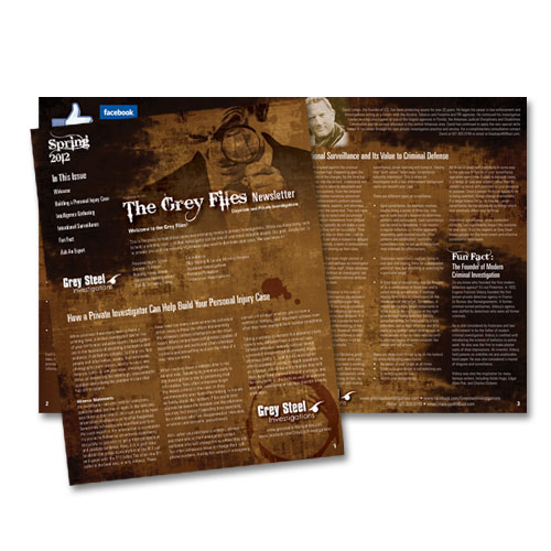 Client requested a grunge looking style newsletter for Grey Steel Investigations that could also be used as a self mailer. 11 x 17 folded in fours.Continue Reading
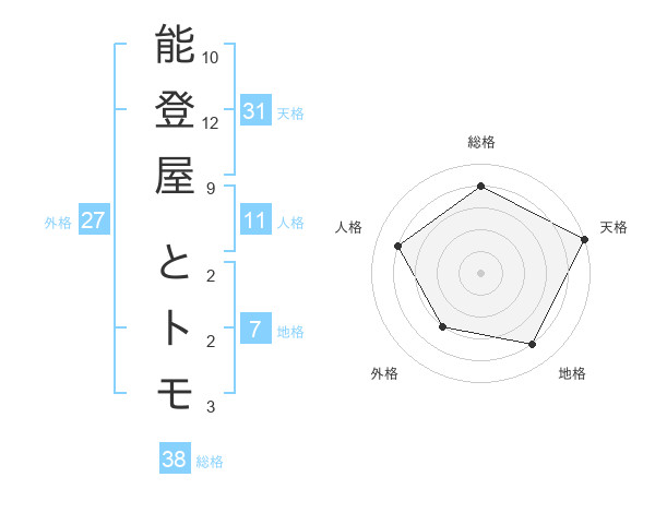 能登屋 とトモさんを姓名の画数から五運を鑑定
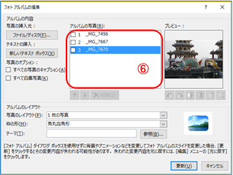 ⑥ 「アルバムの写真」に選択したファイルリスト が表示される
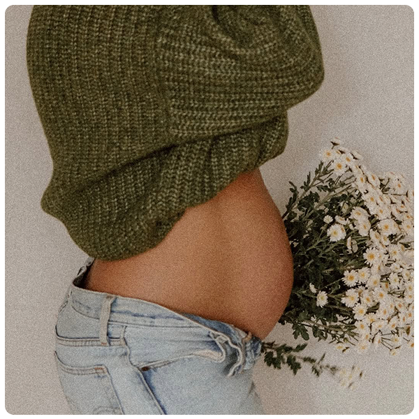 This understated baby announcement from @our.curated.chaos puts a fresh twist on the classic bump photo by pairing it with a bouquet of flowers and the caption “in bloom.” By focusing solely on the growing baby bump, the shot highlights the mom-to-be carrying baby, turning a simple image into a meaningful, symbolic way to share the news.
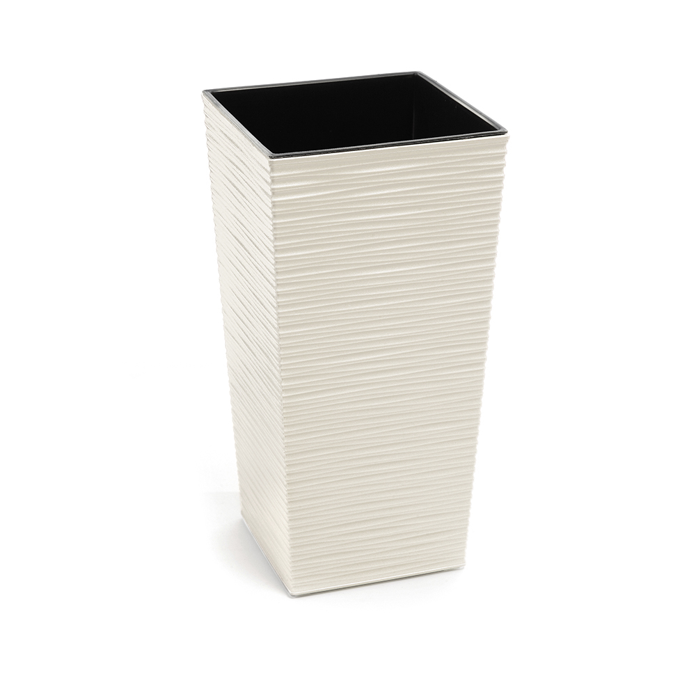 Cadeira azul moderna e vasos bege com plantas em terraço ao ar livre
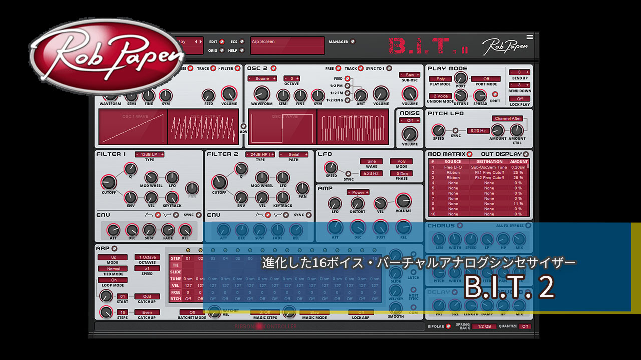 B.I.T. 2は、アナログ・モデリング・シンセシスに焦点を当てた、16ボイス・2オシレーターのバーチャルアナログシンセサイザーの最新バージョンです。
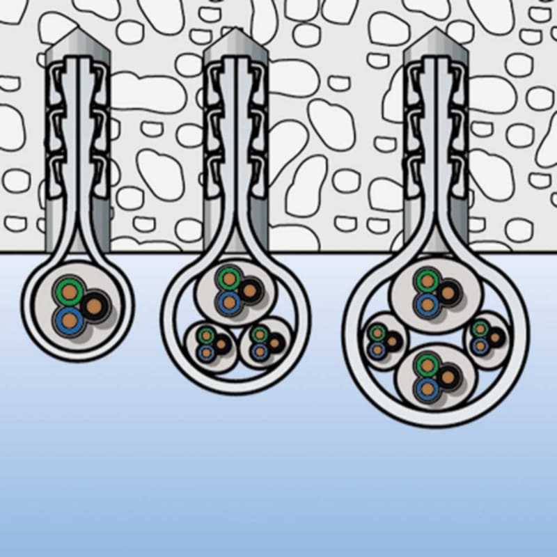 Die fischer Steckfix plus Leitungsschlaufe SF plus ist eine montagefreundliche und wirtschaftliche Lösung zur Befestigung von leichten Kabeln und Rohren verschiedener Durchmesser. Die aus hochwertigem Nylon hergestellte Leitungsschlaufe vereint Dübel, Schraube und Schlaufe in einem Bauteil. Die innovative Elektrobefestigung wird ohne Schraube in das Bohrloch gesteckt und fixiert die Rohre und Leitungen direkt in Beton und Vollstein. Die Steckfix plus Leitungsschlaufe SF plus hält auch bei extremen Temperaturbelastungen von -20 °C bis +80 °C.

****

Leaving the pictures aside, repeat the data above exactly.

 Client requested a grunge looking style newsletter for Grey Steel Investigations that could also be used as a self mailer. 11 x 17 folded in fours.Continue Reading
 能登屋 とトモさんを姓名の画数から五運を鑑定
 ⑥ 「アルバムの写真」に選択したファイルリスト が表示される
 This understated baby announcement from @our.curated.chaos puts a fresh twist on the classic bump photo by pairing it with a bouquet of flowers and the caption “in bloom.” By focusing solely on the growing baby bump, the shot highlights the mom-to-be carrying baby, turning a simple image into a meaningful, symbolic way to share the news.
 Cadeira azul moderna e vasos bege com plantas em terraço ao ar livre
 B.I.T. 2は、アナログ・モデリング・シンセシスに焦点を当てた、16ボイス・2オシレーターのバーチャルアナログシンセサイザーの最新バージョンです。
 Die fischer Steckfix plus Leitungsschlaufe SF plus ist eine montagefreundliche und wirtschaftliche Lösung zur Befestigung von leichten Kabeln und Rohren verschiedener Durchmesser. Die aus hochwertigem Nylon hergestellte Leitungsschlaufe vereint Dübel, Schraube und Schlaufe in einem Bauteil. Die innovative Elektrobefestigung wird ohne Schraube in das Bohrloch gesteckt und fixiert die Rohre und Leitungen direkt in Beton und Vollstein. Die Steckfix plus Leitungsschlaufe SF plus hält auch bei extremen Temperaturbelastungen von -20 °C bis +80 °C.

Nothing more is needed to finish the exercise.